That’s what the old man wrote about his relationship with his son, Eoin Jr., Johnny Three’s father. Now, as Johnny sat alone at the dining-room table, Diane and Bridie started packing away his grandfather’s earthly possessions. Dishes rattled and pots clanged, as if wondering where their old master was.

“Git rid of the house as soon as possible when I’m dead,” the old man had told Johnny on his last visit to Dublin in the summer of 2006. “The hoors in the
Dáil
, the banks, and the real estate industry will be swimming in shite over their heads very shortly.” Johnny was heeding the old pol’s advice, because Eoin Kavanagh had learned the facts of economic life from Michael Collins himself. The old man had looked at the “Celtic Tiger” and was fond of quoting Joseph P. Kennedy, the president’s father, who pulled all his money out of Wall Street two months before the 1929 crash. “This is too good to be true,” Kennedy had said, and he was right. Deputy Kavanagh, TD, felt the same way about the Irish economy. “I’m watching 30-year-old imbeciles,” Eoin had commented, “a generation removed from some fookin’ bog, referring to themselves as ‘real estate entrepreneurs!’ Holy Jaysus protect us!” Eoin had winked at his grandson. “They’ll soon be trading in their iPods for iHods!” Deputy Kavanagh was the hippest centenarian in the world. Johnny would feel better when the cash from the house sale was in his pocket.

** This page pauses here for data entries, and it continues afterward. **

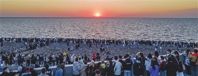 “五一”假期,不少游客来到滨海新区东疆亲海公园,沐浴清晨的第一缕阳光。
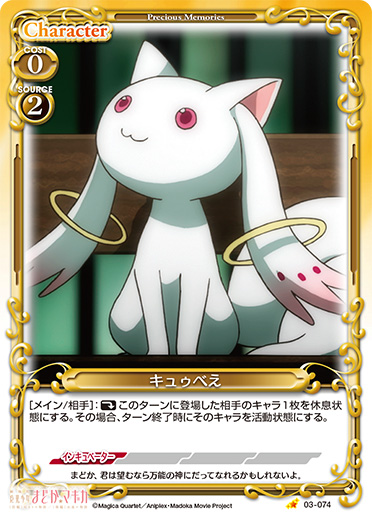 | [メイン/相手]:《休》このターンに登場した相手のキャラ1枚を休息状態にする。その場合、ターン終了時にそのキャラを活動状態にする。 | ||
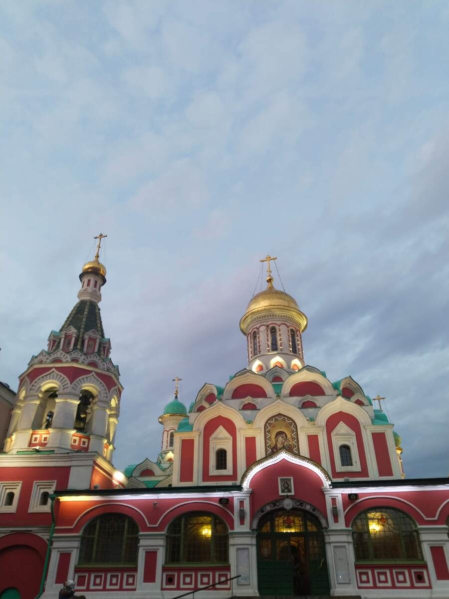 В центре столицы нашей Родины Москве, на улице Никольской, 3, находится православный Собор Казанской иконы Божией матери. Первая деревянная постройка собора была в 1612 году на средства Дмитрия Пожарского. Возведён собор был на месте бывшего здания торговых рядов. В соборе разместили Казанскую икону Божией матери, которая была главной главной войсковой святыней Второго народного ополчения, её в собор из Введенской церкви на Лубянке доставил Пожарский. Собор освятил патриарх Филарет в 1625 году. В 1630 году после пожара собор построили из камня, а освящён он был в 1636 году, на освящение присутствовал Михаил Фёдорович Романов - первый русский царь из династии Романовых. Храм много раз перестраивали и в конце 1760 года, в очередной раз он был перестроен на деньги княжны Марии Александровны Долгоруковой. В 1812 году, осенью, во время Отечественной войны перед иконой Казанской Божией матери в Казанском соборе служили молебен о спасении Российской империи, на котором присутствовал полк

“Sometimes it skips a generation. Love, that is.”

In amongst all the papers about the revolution, Collins, and his grandfather’s time in America, Johnny had found these handwritten notes about his father. Eoin Kavanagh and his only child, Eoin Jr., were complete opposites. Eoin kept his nose to the ground and ground it out. Young Eoin—somewhat like his Uncle Frank—thought of himself as a playboy, romping around New York and Washington with young Jack Kennedy and FDR Jr. The three were Navy veterans of the war and liked to drink and chase skirts. At least Joe Kennedy set Jack up in Congress, while young FDR drifted, never making much of his life. “I kept telling my son that I am not a millionaire,” he told friends. “I actually live on my congressman’s pay. Unlike Jack Kennedy and young Frank Roosevelt, my son does not have a trust fund to fall back on.”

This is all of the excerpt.